Staffing and recruitment to provide search and match solutions between candidate CVs and job descriptions
State government information site to extract metadata from OCR files and normalize the data prior to indexing
Records management to automatically categorize corporate data as it is migrated into SharePoint where content needs to be aggregated and categorized before searching
Legal research to find and analyze content for forward and reverse citations to other content to improve recall and analysis
Company intranet to automatically create enterprise-wide sitemaps for browsing style investigation
Federal government information site to intelligently split up large single files pertaining to laws into searchable” chapters and clauses
Basic content access (connector) to one or more content repositories for search engines
Analyzing and grouping content geospatially for localization

Aspire is extremely flexible. By pulling the data processing pipelines out of the search engine, Aspire can more powerfully and efficiently manipulate content and metadata, can process it in multiple pipelines simultaneously (and over multiple machines)for higher performance, and then feed it to one or more engines for indexing.

The Aspire framework supports creating Natural Language Processing (NLP), Machine Learning, and other analytic processing for text through a rich set of basic components. More detailed descriptions can be found on this page: Natural Language Processing (NLP)

If you want to start using Aspire, see here.

Administrator’s View

The administrator is responsible for installing, configuring, and maintaining Aspire deployments. Aspire deployments are managed through a web-based, point-and-click interface, the same used by the Aspire developer, however it is expected that an administrator only needs to fill in configuration information.
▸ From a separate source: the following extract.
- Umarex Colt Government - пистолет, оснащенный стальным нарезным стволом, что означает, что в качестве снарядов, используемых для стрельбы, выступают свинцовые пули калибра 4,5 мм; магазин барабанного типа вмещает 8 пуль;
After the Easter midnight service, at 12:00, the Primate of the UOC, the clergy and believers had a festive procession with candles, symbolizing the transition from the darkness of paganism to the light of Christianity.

Depending on your environment, you may wish to have a single Aspire system administrator, or you may wish to have several, each responsible for different content sources.
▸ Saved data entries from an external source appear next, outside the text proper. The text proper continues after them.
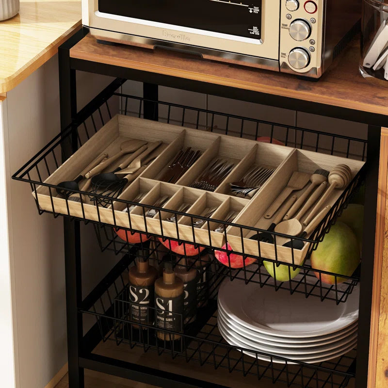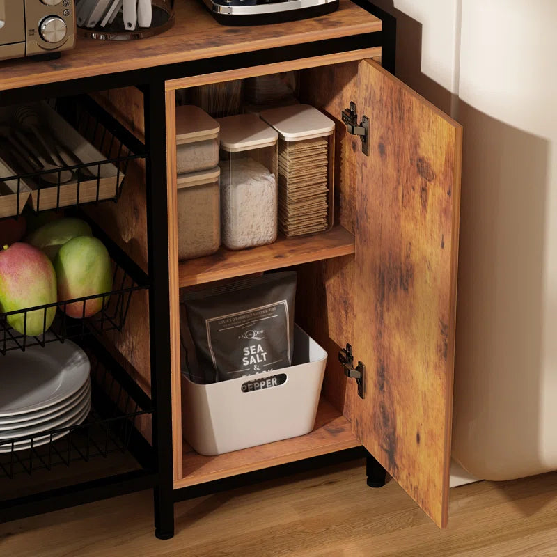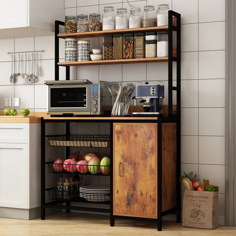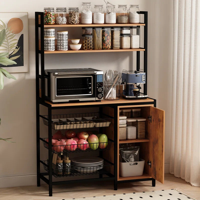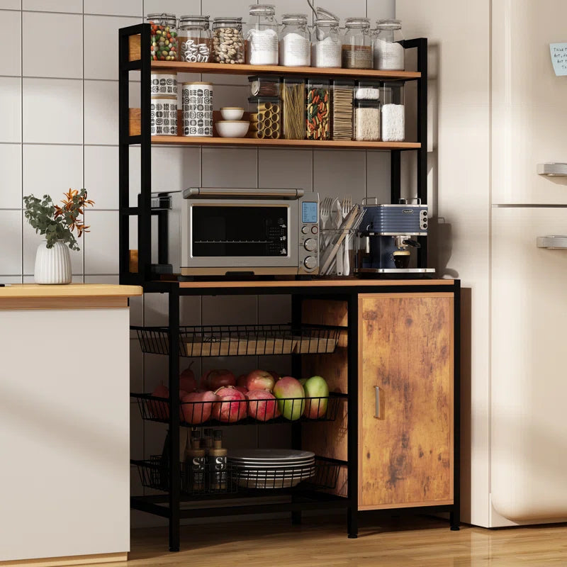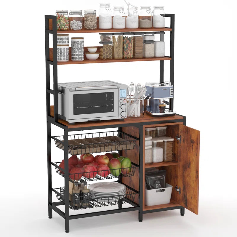 Enjoy a long-lasting kitchen baker's rack composed of sturdy steel and premium MDF. With the 3 spacious pull-out metal baskets that this storage rack has to offer, you may arrange your spices and dishes according to your own storage preferences. These mesh baskets with good ventilation are perfect for preserving the freshness of your produce. There are two shelves within the cabinet, and the doors have magnets to keep them shut. This baker's rack is intended to assist in keeping a clean and organized kitchen with its variety of storage options.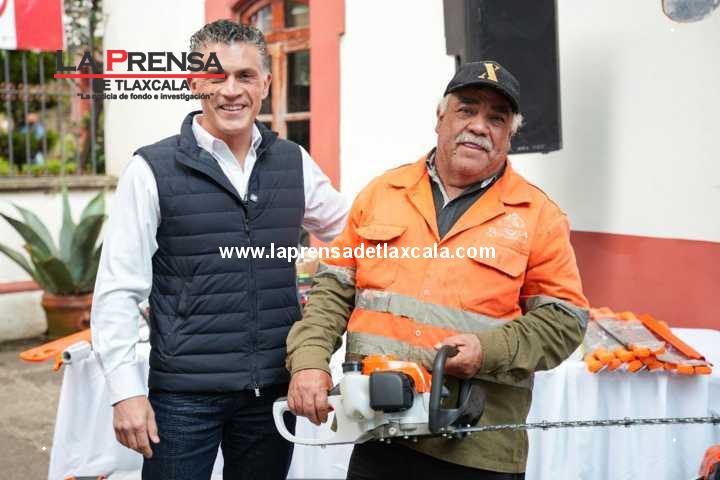 El presidente municipal Alfonso Sánchez García entregó este martes un lote de herramientas y equipo de trabajo a la Dirección de Servicios Públicos del Ayuntamiento de Tlaxcala, en un evento en el que reconoció la labor incansable del personal de esta área, que diariamente, muchas veces bajo la lluvia o el intenso sol, se esfuerza para mantener la ciudad limpia, segura y bien iluminada.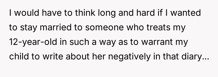 Given the es**blished tension and the breach of privacy, was the father's decision to secretly confront his wife and then lie about finding the diary the right way to support both parties, or should he have addressed the boundary v***ation publicly first?

The System Administration UI has the following main functions.

Content Source administration functions include:

Configuring properties for Aspire connectors
Setting up crawling schedules for repositories
Managing full and incremental crawls
Managing security
Monitoring system health and performance
Monitoring crawl statistics and performance
Index Auditing

Administration UI Security:

Securing the Administration UI

Connection Security:

Securing connections to Aspire

Document Level Security:

Solr Document security filtering
Google Search Appliance filtering - Using any Aspire connector that provides the document ACLs is enough and normal GSA filtering works.
SharePoint 2013 filtering (on premise)

The release of Aspire 2 included some major changes in administration. If you are administering Aspire 2 click here for more in-depth information.

If you are administering Aspire 1.x click here for more in-depth information.

Developer’s View

Aspire deployments are dynamically built from components and subcomponents. Aspire also includes the concept of “application bundles,” which are essentially groups of components pre-packaged to perform a specific function and have embedded files to define their look and feel within the Aspire Administration UI. System developers can easily combine components in various ways to process data according to the needs of the application.
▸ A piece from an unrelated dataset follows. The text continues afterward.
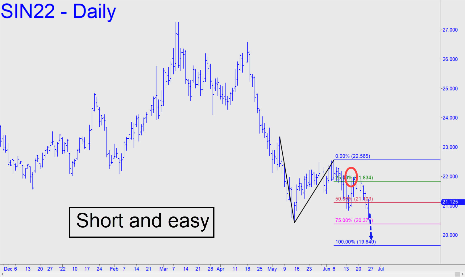 The futures tripped a promising ‘mechanical’ short on June 15 at 21.83, but we are just spectators, since no subscribers expressed an interest in the trade, let alone reported taking a position. The 19.64 target is valid and remains the worst-case scenario for the coming week, but it is no more likely to be reached than a comparable one in gold at 1756.90. You can try bottom-fishing at p2=20.37, which sits 5 points beneath May 13’s important low. That would make it a ‘discomfort zone’ trade, and it can be snagged using a ‘mechanical’ setup on a lesser chart. ______ UPDATE (Jul 1, 9:38 p.m.): Shifting to the September contract, this morning’s breach of an important hidden support implies more downside to at least D=18.96 (daily, A= 26.65 on 4/18; B=22.21 on 5/2). If that Hidden Pivot, too, is splattered, we would need to move A-B down to the next to produced a new target at 18.06, a p2 ‘secondary pivot’.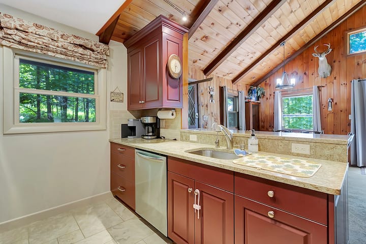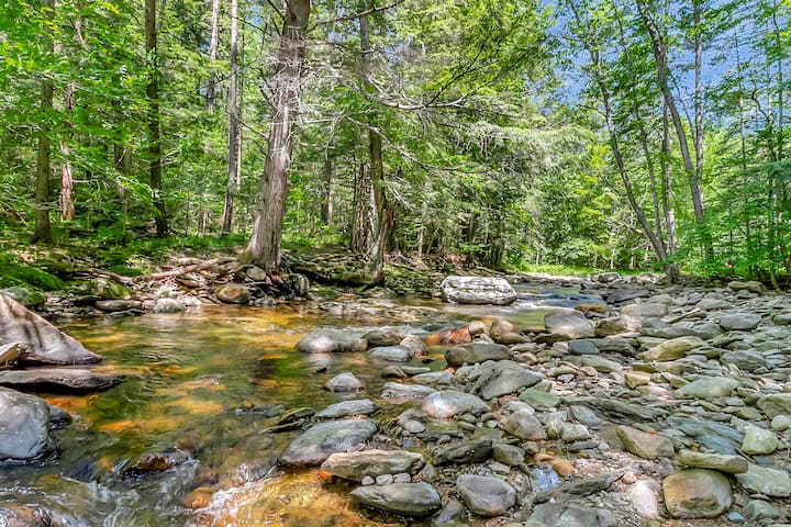 Close to 4 mnts. Private stream! King bed. Dogs OK

Standard Aspire components can be mixed with custom 3rd-party components and with new components. The high level developer’s view of Aspire processing control is based on three major component types:

Component Managers
Pipeline Managers
Tokenization Manager

If you are developing for Aspire 2 click here for more in-depth information.

If you are developing for Aspire 1.x click here for more in-depth information.

Aspire Community vs. Enterprise Distributions

Aspire Features

Performance and reliability
- Distributed processing and automatic threading
- The ability to split document processing jobs into sub jobs that can run in parallel
- Standard technology for managing and restarting processes on servers for high availability
- Can be placed within an architecture for Backup Failover

Ease of administration
- Making dynamic (on-the-fly) configuration changes
- Dynamically adding new components
  - Dynamic refresh of component code
  - Rich built-in XML processing methods including XPath and XSLT
  - Hierarchical component configuration
- Rich and comprehensive web-based administration and control interface

A strong developer environment
- Intuitive workflow interface
- Supports processing content in diverse languages
- Easy mapping of document fields to search fields
- Rich built-in JSON and XML processing methods, including XPath, XSLT
- Use of scripting to build complex processing components
- Hierarchical component configuration
- Tightly integrated with Maven repositories for sharing and loading component code
- Sharing and loading component code
- Process streams of tokens, for performing text analytics
  - Entity extraction
  - Latent Semantic Analysis
  - Document vector creation and comparison
  - Topic Analysis

Support for security
- Handle Proxy LDAP requests, including:
  - Authenticating users
  - Determining user group membership across a multitude of systems

Support to Federate search requests
- Distribute queries to multiple search engines
- Merge search results

Support for Hadoop
- Ability to write to HDFS
- Ability to include Aspire within Map/Reduce jobs

Structure of an Aspire Solution

Aspire deployments can be divided into three high-level functional areas: content access, content processing, and publishing.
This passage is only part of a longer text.